# Tivo on Vizio Smart tv? a app to install or something?



## bosanci28 (Aug 10, 2011)

Hello Tivo Users,

Quick question for you all!

I have tivo box that comes with our cable provider in our area and is hooked to 
to a plasma tv in the living room. Now, in my bed room upstairs i have a vizio smart tv and i was curios if is there any way, or to install a tivo app on that vizio smart tv? so i can connect to my tivo box that i have downstairs ?!

I can control and watch from my phone or any tablet within my wifi home, also the vizio has wifi built in.

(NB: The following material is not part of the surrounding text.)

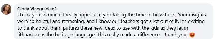The families requesting these services are located all over the world and the teachers are trained in different areas of expertise in Lithuania. These different areas of expertise are necessary when you teach learners online from the age of 2. My talk inspired a multicultural approach incoporating the learners' different cultural contexts in the online classes to reach the common goal of learning Lithuanian.
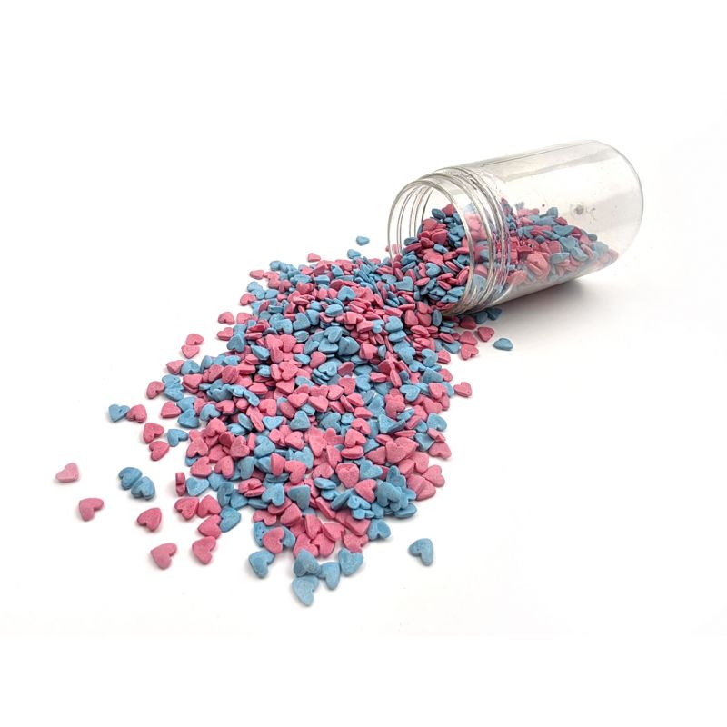 Zuckerstreusel in Form von rosa und blaue Herzchen sind die perfekte Verzierung für Kuchen, Torten und anderes Gebäck. Die zarten Perlenherzen verleihen jeder Dessertkomposition Zauber und eine romantische Atmosphäre. Dank ihnen können Sie Liebe und Herzlichkeit auf einzigartige und geschmackvolle Weise ausdrücken. Die Konfetti-Zuckerstreusel Rosa Perle sind perfekt zum Verzieren von Kuchen zu verschiedenen Anlässen wie Geburtstag, Valentinstag, Verlobung oder Jubiläum; sie verleihen ihnen einen einzigartigen Charme und Eleganz. Wenn Sie die Verzierung auf eine feuchte Creme streuen, kann die Feuchtigkeit die Streusel erweichen. Aber Vorsicht: Wenn die Verzierung länger auf der feuchten Creme liegt, kann sich auch Farbstoff aus den Streuseln lösen und dies auf die Cremeoberfläche übertragen. Wenn Sie möchten, dass größere Teile der Dekoration beispielsweise auf einer Fondant-Torte haften bleiben, können Sie diese Art der Dekoration mit halbstarrer Schokolade oder Zuckerguss für Lebkuchen befestigen. Arbeiten Sie mit Streuseln am besten über einer Schüssel oder einem Backblech mit Rand.

So curios ,if someone can or have an idea how to get to see everything from the 
tv downstairs , on the vizio that is upstairs , when connected to my wifi or something.

Thank you so much for any advice!
Regards.
B.


----------



## Random User 7 (Oct 20, 2014)

TiVo mini, but that would depend on what model you have, what model is it?


----------



## LoadStar (Jul 24, 2001)

No. At least not yet. TiVo has demonstrated that it is *possible* to create a sort of a TiVo Mini in software, but it was just a demonstration, not anything they've announced any intent in releasing.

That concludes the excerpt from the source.